The future of commercial space travel is bright, and many in the industry hope that where governmental organizations like the US Congress, NASA, and Roscosmos failed to deliver the dream of easy access to space to the masses, the private industry will succeed. With increased access to space, however, comes significantly increased possibility of dispute between individuals, companies, or governments. Who or what, if anyone, has jurisdiction over such disputes is an extremely complex issue. The orbits of space vehicles can potentially take the vehicle over any number of countries. However, these countries’ borders do not extend upward for infinity. Treaties like the UN Outer Space Treaty of 1967 lay out general principles in this area, specifically stating that areas like low earth orbit and The Moon are the property of all mankind, much like Antarctica. Additionally, some US states have adopted laws limiting the liability of commercial space tourism companies if their clients sign informed consent waivers. In such a scenario, it is an open question about how much protection, if any, such a waiver provides regarding accidents that occur in space, or even outside such state’s jurisdiction. Determination of causation and liability is also complicated by the complexity of the technologies involved. Because resolving space related disputes is complicated by many factors, including those listed above, it is an area that is ripe for arbitration. Fortunately, the Societe Francaise de Droit Aerien et Spatial established and international arbitration organization specifically for air and space disputes.

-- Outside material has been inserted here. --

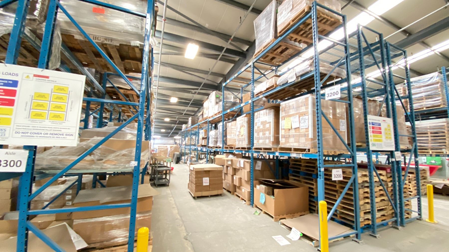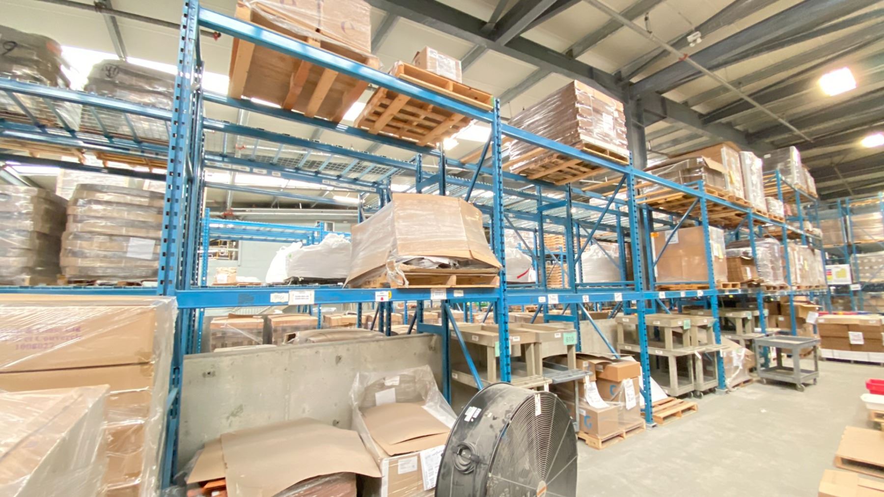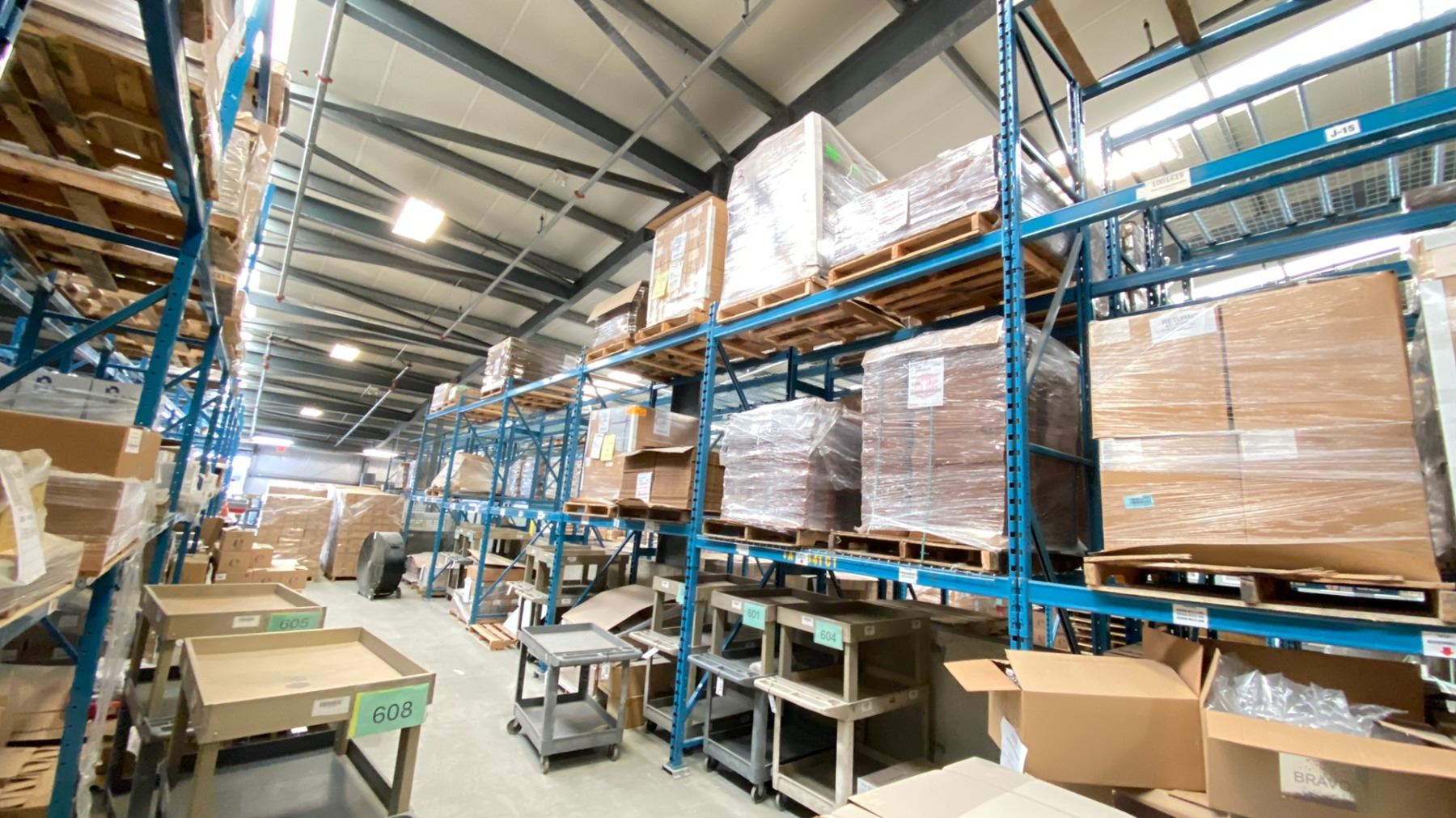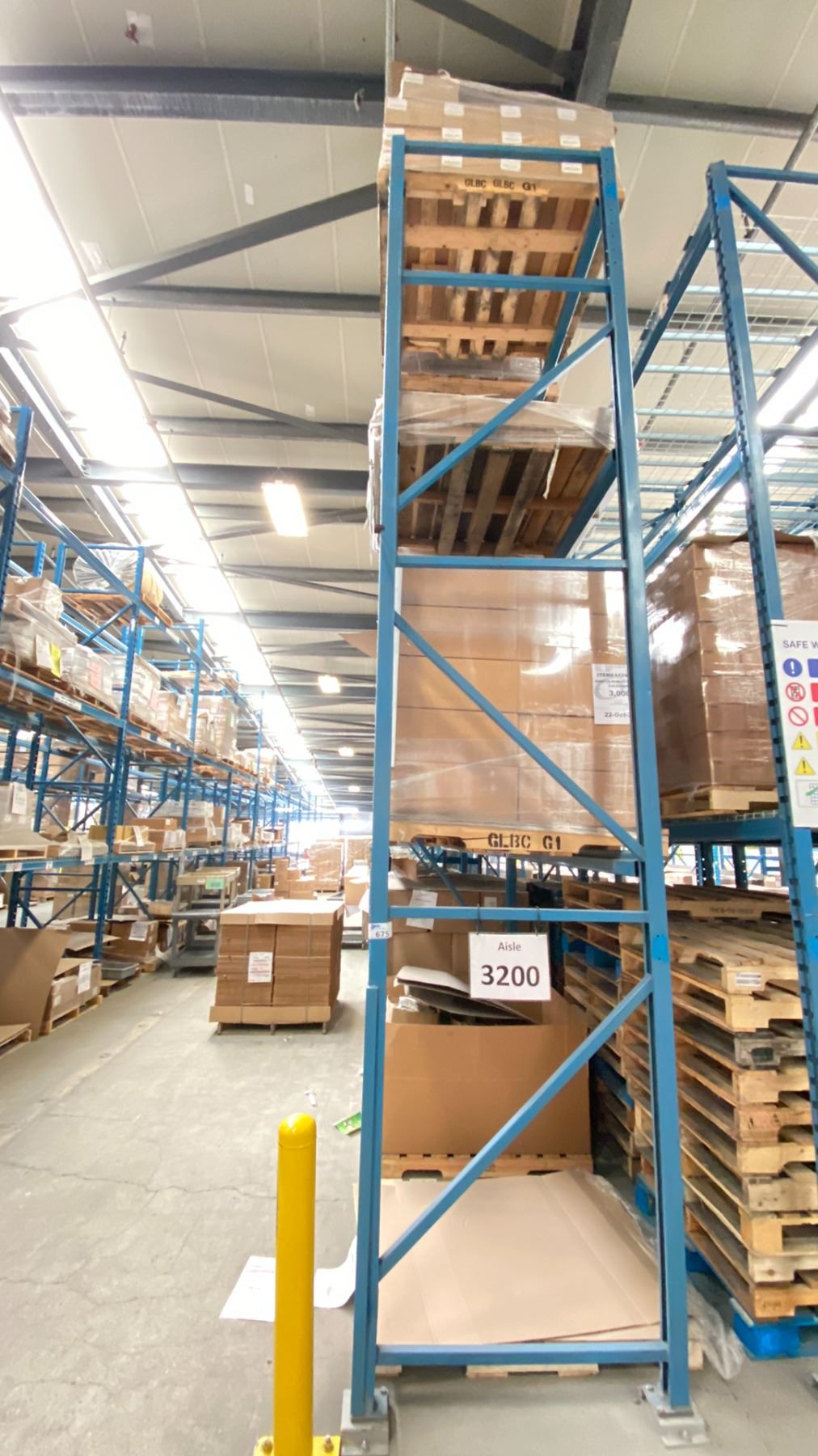 ONE ROW OF RACKING. 42" DEEP. 3 X 16' HIGH FRAMES, 5 X 12' HIGH FRAMES, 32 X 8' BEAMS, 2 X 4' SECTIONS WIRE DECKING. NO CONTENTS. *DISMANTLING AND REMOVAL OF ALL RACKING WILL BE SCHEDULED AFTER THE AUCTION WITH THE BUYERS; REMOVAL PROCESS TO START JUNE 15*

Headquartered in Paris, France, the International Court for Aviation and Space Arbitration (ICASA) was established in 1994 and is, to date, the only such organization that specializes in this area. When it was initially formed, 17 countries joined the organization. Membership “is open to any individual, company or entity, whatever its nationality may be, such as corporations, Societies, trade organizations, state and government authorities and public or private entities engaged in any activities whatsoever that is directly or indirectly related to the aviation and space sectors.” Such a liberal membership policy makes the ICASA an ideal forum for space dispute resolution. The ICASA focuses solely on air and space issues and its arbitrators specialize in space and aviation law and space issues.
Compared to traditional lawsuits, the ICASA is a low cost alternative and provides speedy interim decisions when necessary. Many international organizations, like the UN, have partially adopted French standards and the French language as a working language of their organization, and the ICASA is no different in this regard. ICASA follows the relatively low cost French arbitration cost system based on a time basis therefore ICASA arbitration costs are “lower than in lawsuits in the national courts of many countries or in certain other arbitration organs.” The ICASA also maintains records of pre-approved experts in most areas related to possible space disputes and has rules that allow the arbitrators to recommend such experts, if they are needed.

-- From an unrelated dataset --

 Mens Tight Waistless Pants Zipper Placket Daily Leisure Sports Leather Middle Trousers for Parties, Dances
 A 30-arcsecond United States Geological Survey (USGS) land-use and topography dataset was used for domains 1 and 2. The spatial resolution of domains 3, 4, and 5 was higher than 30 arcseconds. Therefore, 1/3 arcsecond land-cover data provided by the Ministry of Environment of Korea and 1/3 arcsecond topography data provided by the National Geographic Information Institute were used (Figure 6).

Parties embroiled in a space-related dispute may be irreparably harmed if immediate, interim relief is not granted. The ICASA recognizes this need and its rules provide for “an interim arbitration procedure which the parties may implement when they deem urgent provisional measures [are] necessary.” A more traditional arbitration scheme is also laid out in the rules, providing relief in much the same manner as other arbitration organizations, while providing for experts, as mentioned earlier.

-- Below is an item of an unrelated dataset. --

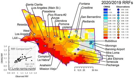 We present the results of the dynamic evaluation of the CMAQ model with standard projection procedures (i.e., based on RRFs) that are used for model attainment demonstrations in this section. Figure 8 is a spatial plot that compares gridded CMAQ RRFs with observed RRFs at monitoring sites across the SoCAB. Over much of the SoCAB, the modeled and observed RRFs are consistent and estimate that T10 modeled day ozone increased between 2019 and 2020 with some exceptions: (1) The two monitors furthest east in the SoCAB (Banning Airport and Morongo), where both the modeled and observed RRFs agree that ozone is reduced; (2) Sites near the coast (e.g., West LA, LAX, and Compton), where the model estimates ozone increases (RRF > 1.15), while the observed RRFs decreased; (3) At five additional locations throughout the basin, where both modeled and observed changes were small to moderate but may change in the opposite direction (i.e., Crestline and Perris, where the model estimates essentially no change in the RRFs and the observed RRFs indicate a slight reduction; Azusa and Reseda, where the observed RRFs indicates no change and the model estimates a 5–10% increase; and, Fontana where observed RRF indicates a decrease of 2–5% and the model estimates an increase of 2–5%).

The ICASA was set up to address “the specificity and complexity (rather than the volume) of disputes arising from air and space activities.” As companies such as Virgin Galactic, SpaceX, and others grow in revenue and volume it is likely that the ICASA will increase in importance and influence because of its unique current position as the only arbitration body specializing in aviation and space disputes. The existence of an organization such as the ICASA may also fuel the development of the commercial space industry because it provides some legal stability to an industry that inherently has no controlling legal doctrine or jurisdiction.